*** Opening of DATA EXTRACT ***

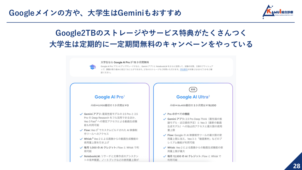 #28. Googleメインの方や、大学生はGeminiもおすすめ Google2TBのストレージやサービス特典がたくさんつく 大学生は定期的に一定期間無料のキャンペーンをやっている 28
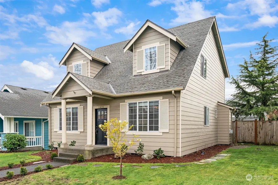 This transformation changed this darling home and welcomed it into an updated 2025 sophisticated Pacific NW charmer. The Open concept feels great, highlighting the soaring ceiling, open staircase & living room. Updated baths, gourmet kitchen w/timeless granite counters & stainless package addresses the natural finish of hardwood floors & wood wrapped beams. As you walk through the covered front porch w/custom entry door the PNW vibe embraces you. The location in Palisade Village is great w/access to shopping, parks, trails, schools & more. Attached 2 car garage has private alley access & more driveway parking. Lush landscaped, private fenced backyard is a gem. Primary bedroom enjoys ensuite & walk-in closet. Roof is just under 1 year old.
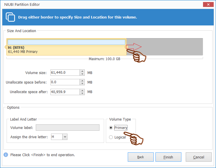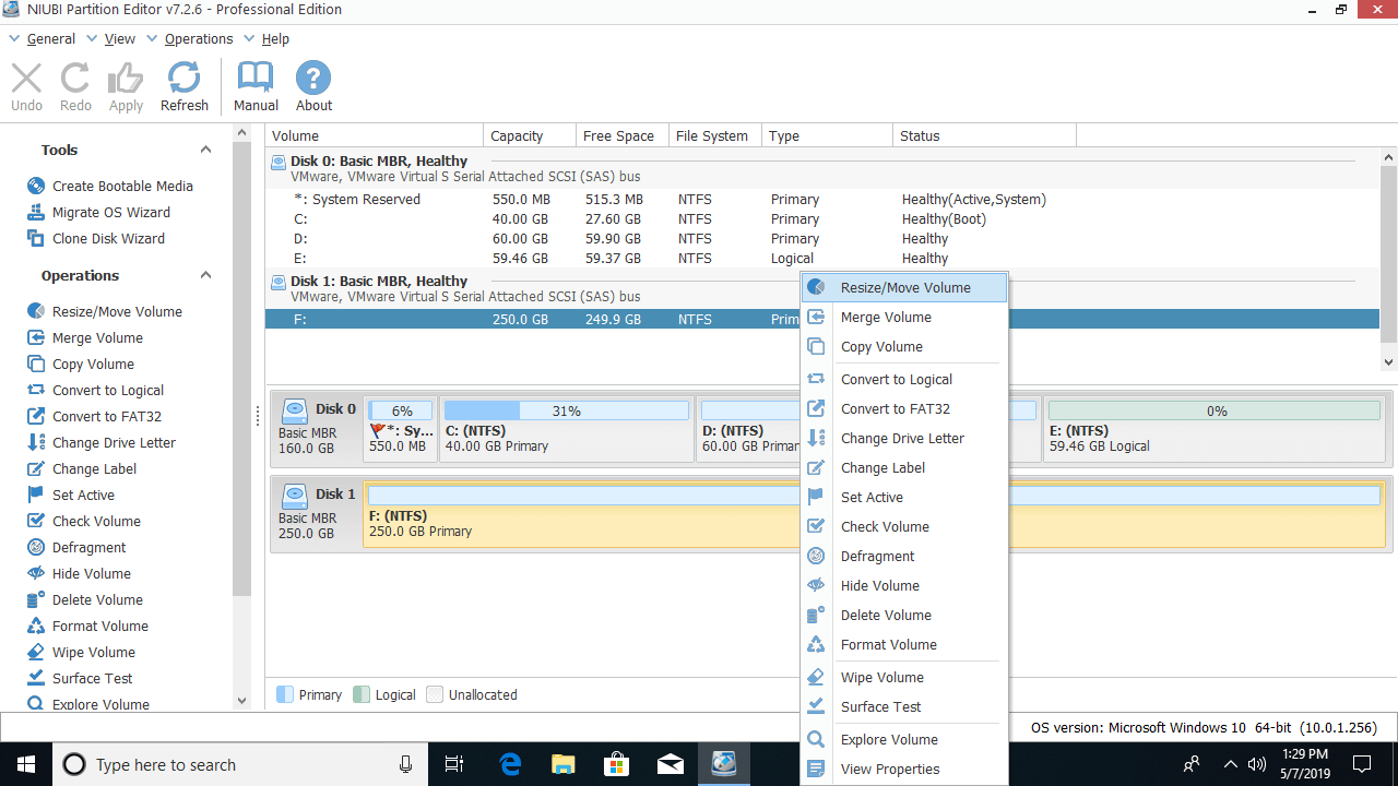 When there's contiguous unallocated space, it is very easy to move partition in Windows 10/8/7 computer, just drag and drop on the disk map and only 1 step is needed. If you use hardware RAID arrays such as RAID 0/1/5/10, do not break RAID array, follow the same step below.
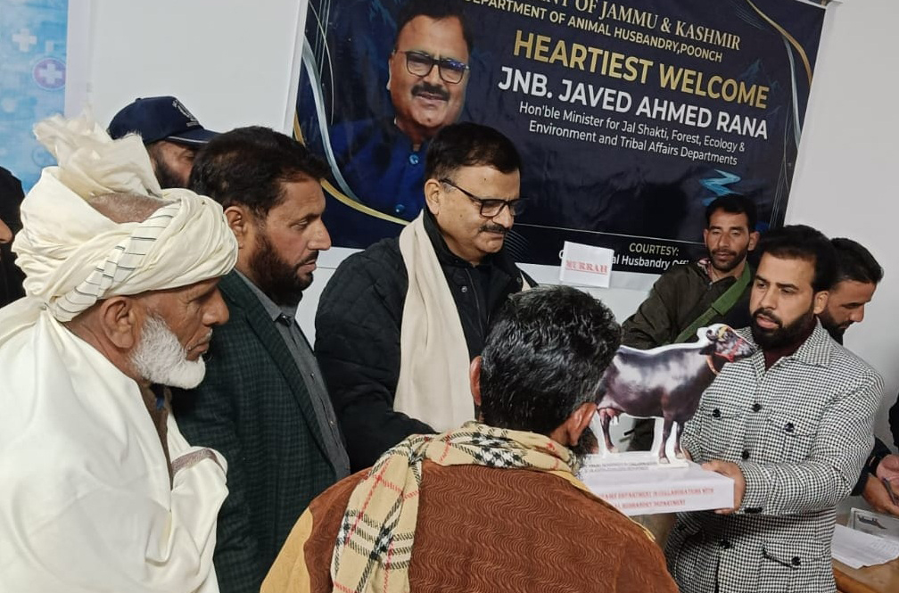 | Rana chairs facilitation programme for tribal livestock beneficiaries at Mendhar | | | Early Times Report MENDHAR, Apr 8: Minister for Jal Shakti, Forest, Ecology & Environment and Tribal Affairs, Javed Ahmed Rana, today chaired a facilitation programme at Mendhar, organized jointly by the Animal Husbandry and the Tribal Affairs Department. The event aimed to strengthen the livelihood opportunities among the tribal communities through focused development interventions. It was conducted under the Tribal Sub-Plan (TSP) Scheme, a targeted initiative aimed at uplifting the economically disadvantaged tribal populations. Under the scheme, the beneficiaries from five remote villages in the Sub-Division Mendhar successfully procured 52 Murrah buffaloes from outside J&K. The initiative follows a structured funding pattern, wherein 90 percent of the cost is borne by the government while the remaining 10 percent is contributed by the beneficiaries, ensuring both support and participation. This approach is intended to promote sustainable income generation by encouraging livestock-based economic activities among the tribal farmers. The Minister described the initiative as a meaningful step towards promoting livestock-based livelihoods and highlighted its potential to significantly improve the socio-economic conditions of tribal communities in the area. During the facilitation programme, emphasis was laid not only on asset distribution but also on ensuring the long-term productivity and health of the livestock. Each beneficiary who acquired a Murrah buffalo was provided with a medicine-cum-first aid kit to address basic veterinary needs, along with a certificate of participation acknowledging their involvement in the scheme. These measures are aimed at enhancing the animal care practices and improving dairy productivity, thereby contributing to the economic stability of the beneficiaries. The event was attended by the Chief Animal Husbandry Officer, Poonch besides Veterinary Assistant Surgeons and other departmental officials. |
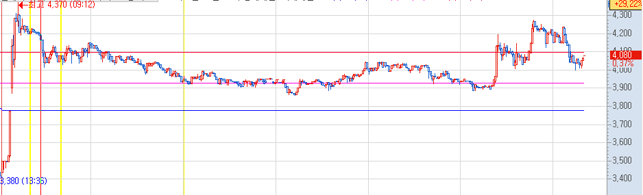 [핀포인트뉴스 이경선 기자] 범양건영 주가가 눈에 띄게 상승하고 있다.29일 한국거래소에 따르면 전 거래일 16.26% 올라 4325원에 거래를 마감했다.주가는 하락추세에서 급상승 반전을 노리고 있
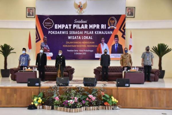 Lestari Moerdijat hadir secara virtual sebagai narasumber utama acara ‘Sosialisasi Empat Pilar MPR RI’ Kerjasama MPR dengan Kelompok Sadar Wisata (Pokdarwis), di aula Gedung Paseban Sena, Kecamatan Mayangan, Kota Probolinggo, Jawa Timur, Selasa (5/10/2021).

*** Close of DATA EXTRACT ***

Copy all of the data word for word, and keep the pictures out of it.

→ **ANSWER BOX**:
 #28. Googleメインの方や、大学生はGeminiもおすすめ Google2TBのストレージやサービス特典がたくさんつく 大学生は定期的に一定期間無料のキャンペーンをやっている 28
 This transformation changed this darling home and welcomed it into an updated 2025 sophisticated Pacific NW charmer. The Open concept feels great, highlighting the soaring ceiling, open staircase & living room. Updated baths, gourmet kitchen w/timeless granite counters & stainless package addresses the natural finish of hardwood floors & wood wrapped beams. As you walk through the covered front porch w/custom entry door the PNW vibe embraces you. The location in Palisade Village is great w/access to shopping, parks, trails, schools & more. Attached 2 car garage has private alley access & more driveway parking. Lush landscaped, private fenced backyard is a gem. Primary bedroom enjoys ensuite & walk-in closet. Roof is just under 1 year old.
 When there's contiguous unallocated space, it is very easy to move partition in Windows 10/8/7 computer, just drag and drop on the disk map and only 1 step is needed. If you use hardware RAID arrays such as RAID 0/1/5/10, do not break RAID array, follow the same step below.
 | Rana chairs facilitation programme for tribal livestock beneficiaries at Mendhar | | | Early Times Report MENDHAR, Apr 8: Minister for Jal Shakti, Forest, Ecology & Environment and Tribal Affairs, Javed Ahmed Rana, today chaired a facilitation programme at Mendhar, organized jointly by the Animal Husbandry and the Tribal Affairs Department. The event aimed to strengthen the livelihood opportunities among the tribal communities through focused development interventions. It was conducted under the Tribal Sub-Plan (TSP) Scheme, a targeted initiative aimed at uplifting the economically disadvantaged tribal populations. Under the scheme, the beneficiaries from five remote villages in the Sub-Division Mendhar successfully procured 52 Murrah buffaloes from outside J&K. The initiative follows a structured funding pattern, wherein 90 percent of the cost is borne by the government while the remaining 10 percent is contributed by the beneficiaries, ensuring both support and participation. This approach is intended to promote sustainable income generation by encouraging livestock-based economic activities among the tribal farmers. The Minister described the initiative as a meaningful step towards promoting livestock-based livelihoods and highlighted its potential to significantly improve the socio-economic conditions of tribal communities in the area. During the facilitation programme, emphasis was laid not only on asset distribution but also on ensuring the long-term productivity and health of the livestock. Each beneficiary who acquired a Murrah buffalo was provided with a medicine-cum-first aid kit to address basic veterinary needs, along with a certificate of participation acknowledging their involvement in the scheme. These measures are aimed at enhancing the animal care practices and improving dairy productivity, thereby contributing to the economic stability of the beneficiaries. The event was attended by the Chief Animal Husbandry Officer, Poonch besides Veterinary Assistant Surgeons and other departmental officials. |
 [핀포인트뉴스 이경선 기자] 범양건영 주가가 눈에 띄게 상승하고 있다.29일 한국거래소에 따르면 전 거래일 16.26% 올라 4325원에 거래를 마감했다.주가는 하락추세에서 급상승 반전을 노리고 있
 Lestari Moerdijat hadir secara virtual sebagai narasumber utama acara ‘Sosialisasi Empat Pilar MPR RI’ Kerjasama MPR dengan Kelompok Sadar Wisata (Pokdarwis), di aula Gedung Paseban Sena, Kecamatan Mayangan, Kota Probolinggo, Jawa Timur, Selasa (5/10/2021).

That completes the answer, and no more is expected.